Barrick was rewarded for his improvement in the offseason, when he was named first-team all-area offensive lineman by the Frederick News Post.
This season will be Swink's first as head coach at Tuscarora, and he
plans on running a West Virginia-style spread offense -- a style that
should help showcase Barrick's talent.
"He'll have to operate in space which, I think, will give college scouts
a real good look at his ability because that's what everybody wants,"
Some colleges have already enjoyed what they have seen of Barrick.

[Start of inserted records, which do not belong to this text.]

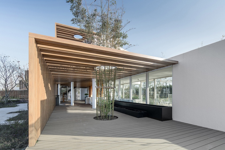 整個(gè)建筑群的顏色由白色和木色構(gòu)成,淺原木色搭配白色給人以干凈,簡(jiǎn)約,現(xiàn)代的視覺(jué)感;結(jié)合周邊大地的綠色襯托,使得整個(gè)建筑與自然分外協(xié)調(diào),相輔相成。蜿蜒的河流貫穿整個(gè)建筑的中央,使得建筑群更加充滿靈氣,仿佛潺潺的流水孕育著這些建筑群。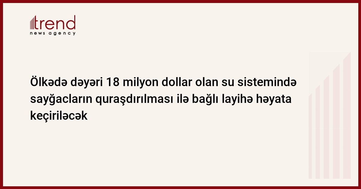 Dünya Bankı (DB) ölkədə həyata keçirəcəyi su sistemində sayğacların quraşdırılması ilə bağlı layihəyə 15 milyon dollar ayırmaq niyyətindədir. Bu barədə bankın Bakı nümayəndəliyindən Trend xəbər agentliyinə məlumat verilib. Verilən məlumata görə, hazırda sözügedən layihə hazırlanma mərhələsindədir. Ümumilikdə həyata keçiriləcək layihənin dəyəri təqribən 18 milyon dollar olacaq. Bunun 3 milyon dolları ölkə hökuməti tərəfindən ayrılacaq. Layihə ilə bağlı DB-nin su məsələləri üzrə missiyasının rəhbəri Bol Krisin gələn ilin əvvəlində Bakıya səfəri gözlənilir.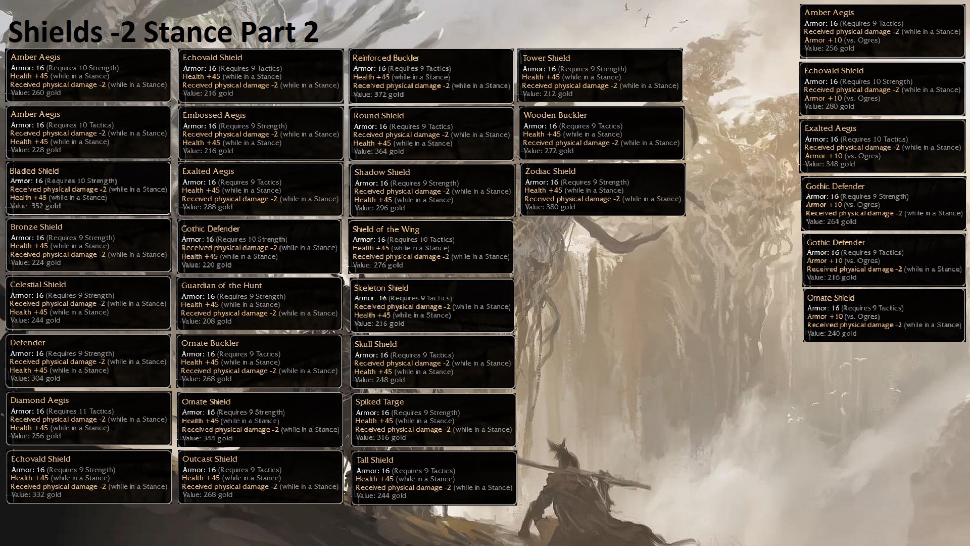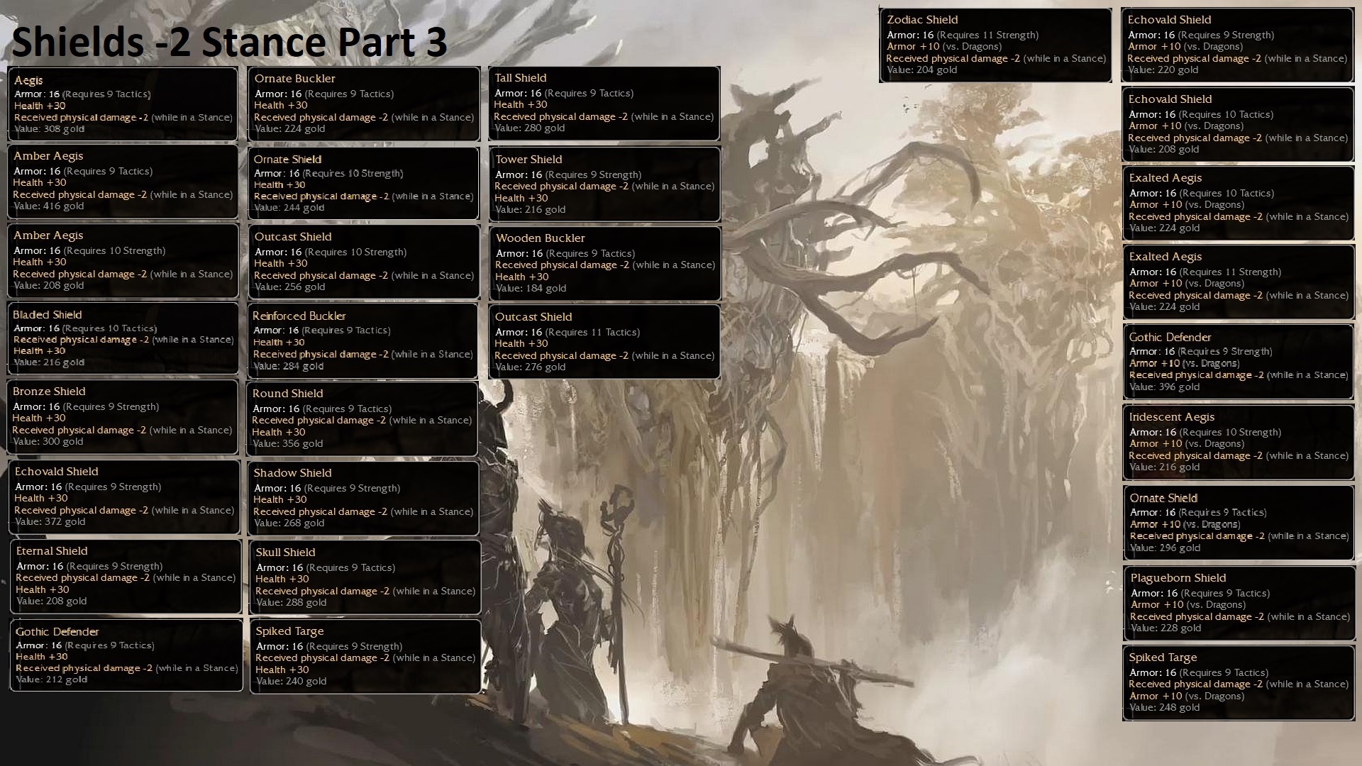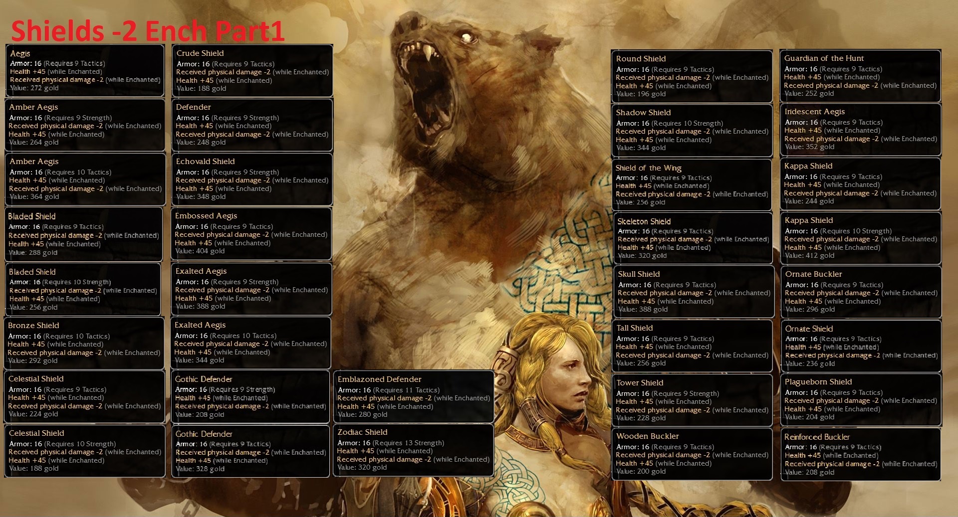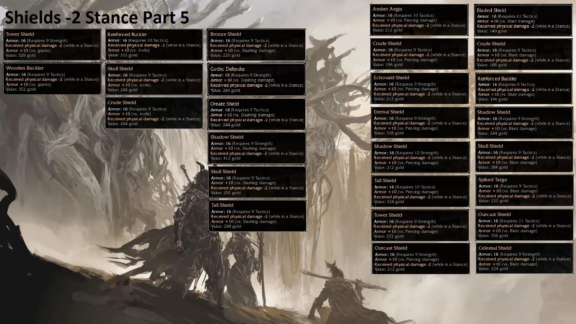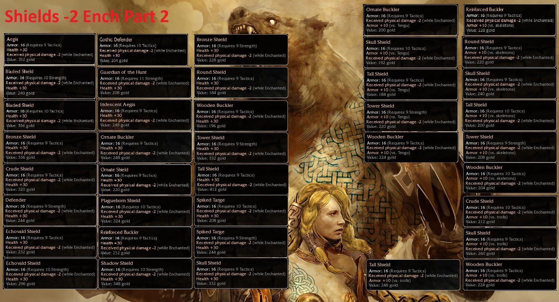 July 20, 2023 at 3:54 PM #1 Hello,Some of you ask me to see my all collection of shields, so just for your eyes -2 ENCHANT-2 STANCE+30 Hp+45 ENCHANT+45 STANCEOTHER MODSEnjoy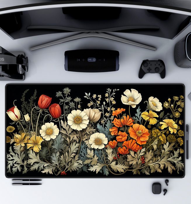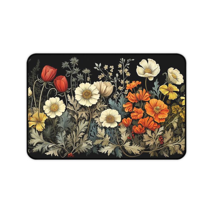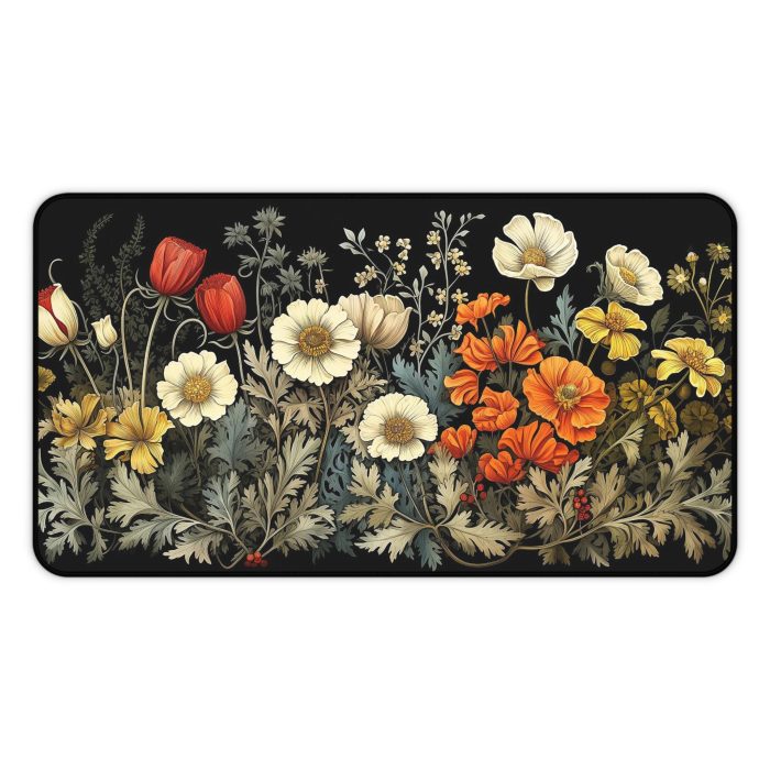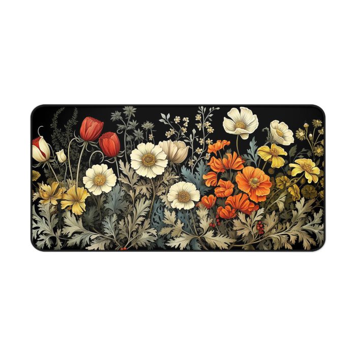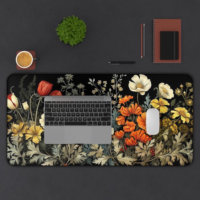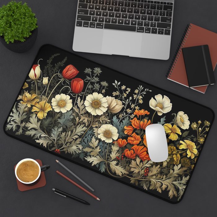 Floral Desk Mat, Large Desk Pad, Autumn Flowers Office Decor, Botanical Workspace Accessory, Extended Mouse Pad, Garden Illustration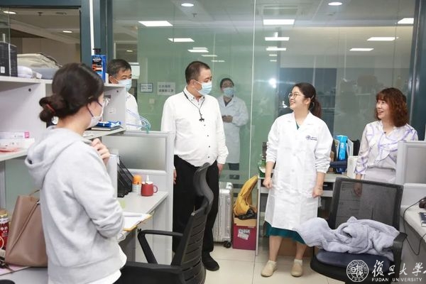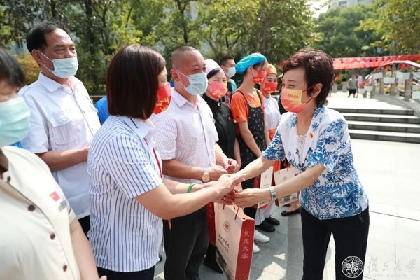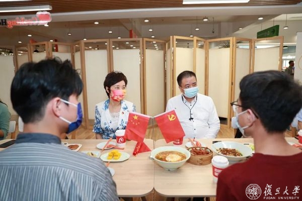 10月1日上午,复旦大学党委书记焦扬、校长金力走访慰问在校师生及员工代表,参加师生活动,一起欢庆节日。党委副书记尹冬梅、副校长徐雷、副校长汪源源陪同。
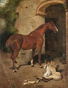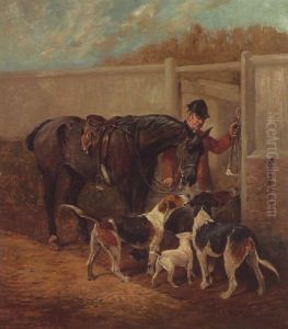 Hounds Waving Their Sterns, With A Lakeland Terrier By A Stable Door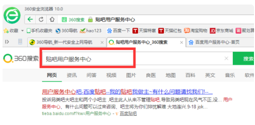 在”搜索栏“【输入】:贴吧用户服务中心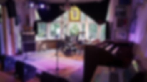 Voll ausgestattete Innenbühne: Drum Kit, Guitar and Bass Amp, Hammond A 100, Ibach Flügel, DB Technologies Audio PA and Monitor, Presonus R32 Mixer - get in and play!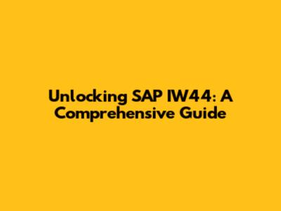 Unlocking SAP IW44: A Comprehensive Guide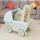 Patterned in pastel shades with traditional nursery shapes. The pram includes bedding and tipping stoppers. It fits dolls up to 35cm in length. The Rubber edged wheels allow the pram to move smoothly over both carpet and hard floor surfaces.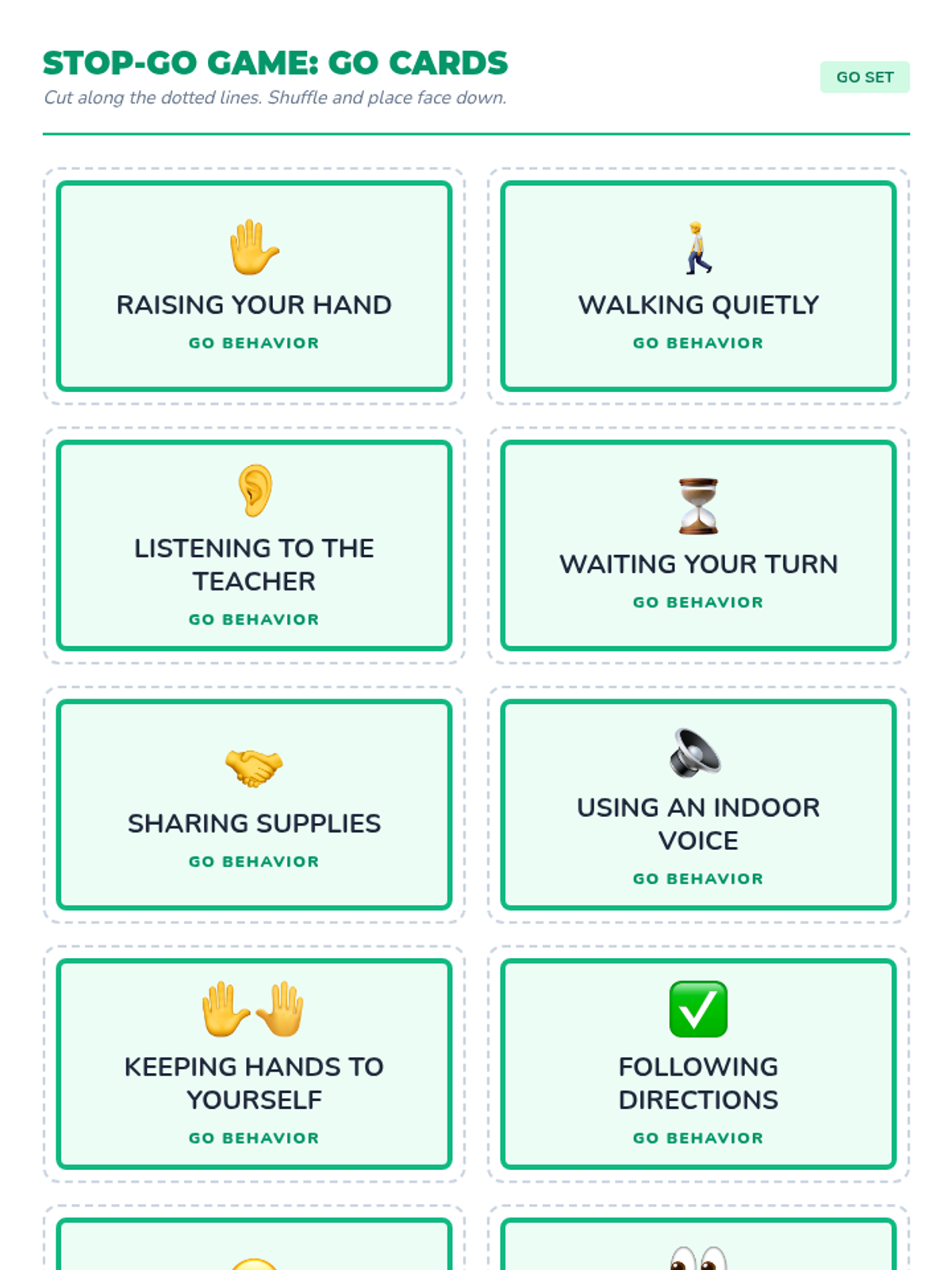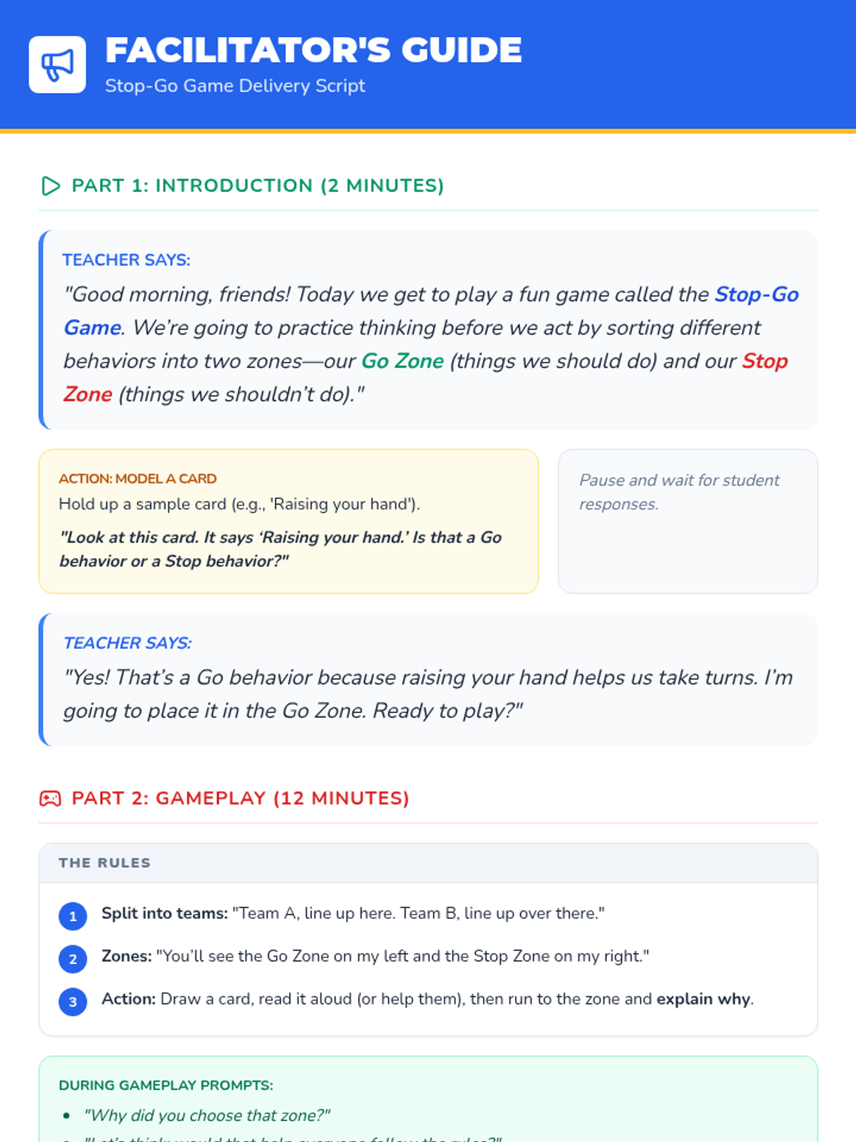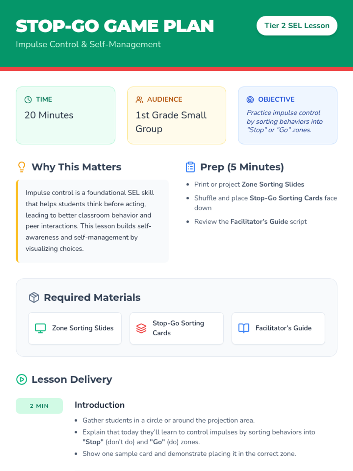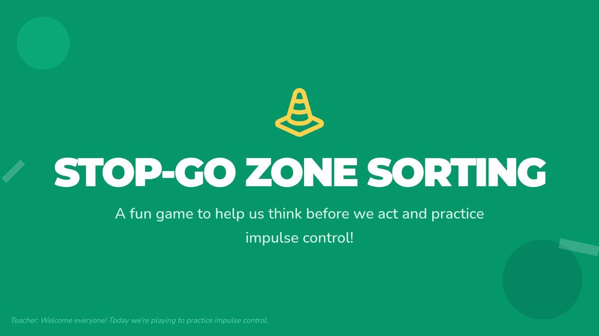 A small-group interactive game for 1st graders to teach impulse control by sorting behaviors into "Stop" and "Go" zones. This Tier 2 SEL session reinforces self-management through movement and reflection.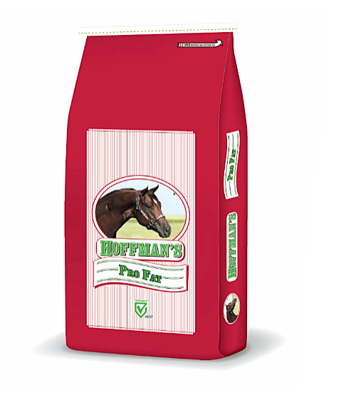 Hoffman’s 16% ProFat Horse Ration is a part of the Hoffman’s line of equine feeds. This feed is intended to be fed at 0.4 – 1.5 kg per head daily, in at least 2 equal, separated feedings. Good quality hay should be fed at 1.5 – 2.5 kg per 100 kg of body weight. This ration is intended for horses needing more body condition. This ration is also well suited for senior horses that need extra energy to maintain weight. The actual feeding level will be determined by the quality of the forage, level and intensity of the work, and the condition of the horse. This feed is intended for horses over 1 year of age. Always allow free choice access to clean water, salt and Hoffman’s Horse Mineral.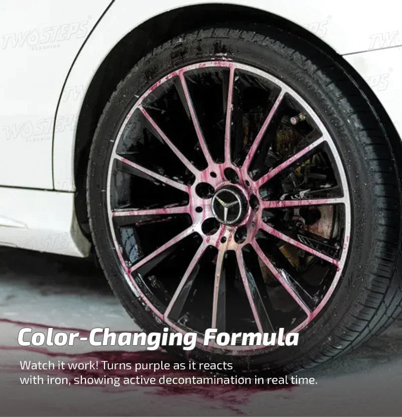 Powerful acid-free formula breaks down embedded iron particles, brake dust, and road grime on contact.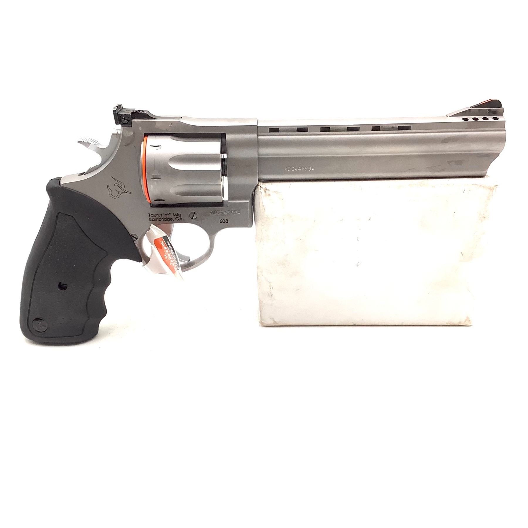 Taurus M608 357 Magnum Revolver 6.5" Barrel 8 Rounds Stainless, New. Includes black grips. This is a restricted firearm.

East Carolina made the junior an offer in March. Barrick attended James
Madison's one-day camp Sunday, June 7, and has trips planned to
Maryland and Towson this summer.
Swink said Barrick is still improving physically, but the mental side of
the game is where Barrick is looking to making the biggest strides this
"[Barrick] has only played a couple years, so we're trying to get
him to understand that he has the ability to go out and dominate the guy
across from him," Swink said. "He's really worked hard this offseason on
getting the mental part of it down."
"I think the sky's the limit with him. It's a matter of what does he
want to do and what does he believe he can do," Swink said. "If he goes
out there and dominates, then by the end of the year I think you'll be
seeing the type of kid that will be a very dominate player and worthy of
all the accolades he will get."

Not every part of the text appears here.